THE TASK> Beginning with the line that holds "###MAIN FABRIC: 98%", write out each line exactly as it stands until the end of the data, and include no pictures.

DATA SECTION>
=== Section Start ===

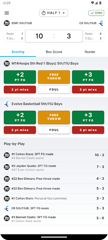 امتیازدهی در زمان واقعی: هر ضربه زده شده، شوت از دست رفته، پرتاب آزاد و پاس گل را در حین پیشرفت بازی ثبت کنید، مطمئن شوید که هیچ لحظه ای از دست نمی رود.
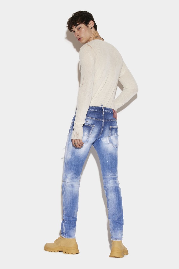 ###MAIN FABRIC: 98% COTTON, 2% SPANDEX POCKET LINING: 65% POLYESTER, 35% COTTON###The model is 6'2" tall and wears a size 38###Make a splash in these unique, mid-rise, medium stretch denims. The prominent rips and splatters and distinctive chino and dark denim patches add a resolutely urban vibe. Complete this casual but edgy look with a low-key white top and chunky boots.
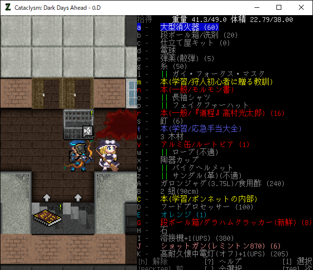 1軒目の家屋から回収したアイテムは上の画像。大型消火器は何かと便利なアイテムだ。CataclysmDDAの炎はとんでもない威力があるから大型消火器はいくつか集めておきたい。

=== Section End ===

RESULT BELOW>
 ###MAIN FABRIC: 98% COTTON, 2% SPANDEX POCKET LINING: 65% POLYESTER, 35% COTTON###The model is 6'2" tall and wears a size 38###Make a splash in these unique, mid-rise, medium stretch denims. The prominent rips and splatters and distinctive chino and dark denim patches add a resolutely urban vibe. Complete this casual but edgy look with a low-key white top and chunky boots.
 1軒目の家屋から回収したアイテムは上の画像。大型消火器は何かと便利なアイテムだ。CataclysmDDAの炎はとんでもない威力があるから大型消火器はいくつか集めておきたい。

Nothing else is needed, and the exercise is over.